* About this exercise
Beginning at the line containing "PEACE STICKER VINTAGE", give again every line through the end of the data, unchanged and with both ends included. Drop any pictures.

* Given material

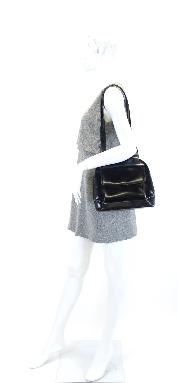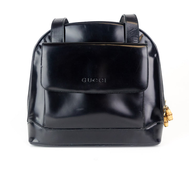 Patent Leather Front Flap Pocket Tote Bag
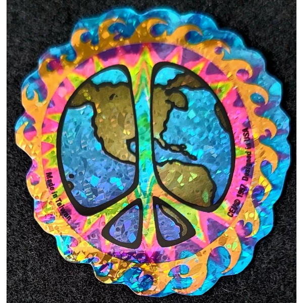 PEACE STICKER VINTAGE PRISM "NORTH AMERICA SO. AMERICA" 2 3/4 X 3" SHINEY THICK
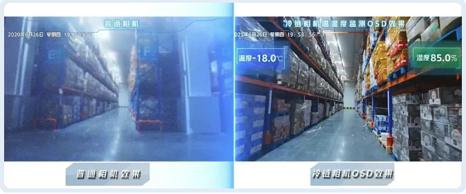 “不怕冷”的设备,还有海康威视冷链相机,内置加热模块,在-35℃的环境里,镜头也不会起雾,同时搭配温湿度传感器,看清冷库内货品情况的同时,还能实时感知温湿度。
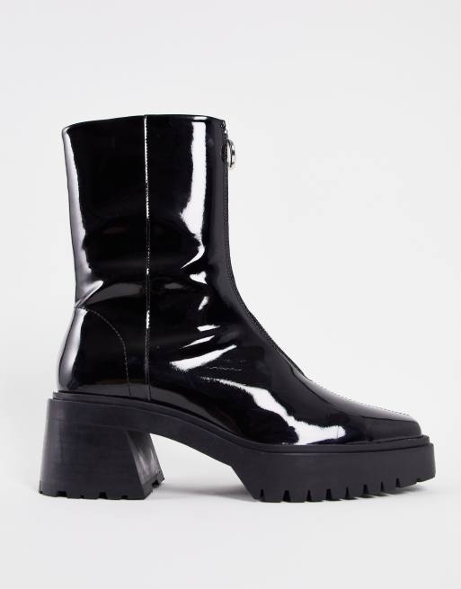 Botas Chelsea negras de tacón con suela gruesa, puntera cuadrada y cremallera en la parte delantera de charol de cuero de ASOS DESIGN

* Expected answer
 PEACE STICKER VINTAGE PRISM "NORTH AMERICA SO. AMERICA" 2 3/4 X 3" SHINEY THICK
 “不怕冷”的设备,还有海康威视冷链相机,内置加热模块,在-35℃的环境里,镜头也不会起雾,同时搭配温湿度传感器,看清冷库内货品情况的同时,还能实时感知温湿度。
 Botas Chelsea negras de tacón con suela gruesa, puntera cuadrada y cremallera en la parte delantera de charol de cuero de ASOS DESIGN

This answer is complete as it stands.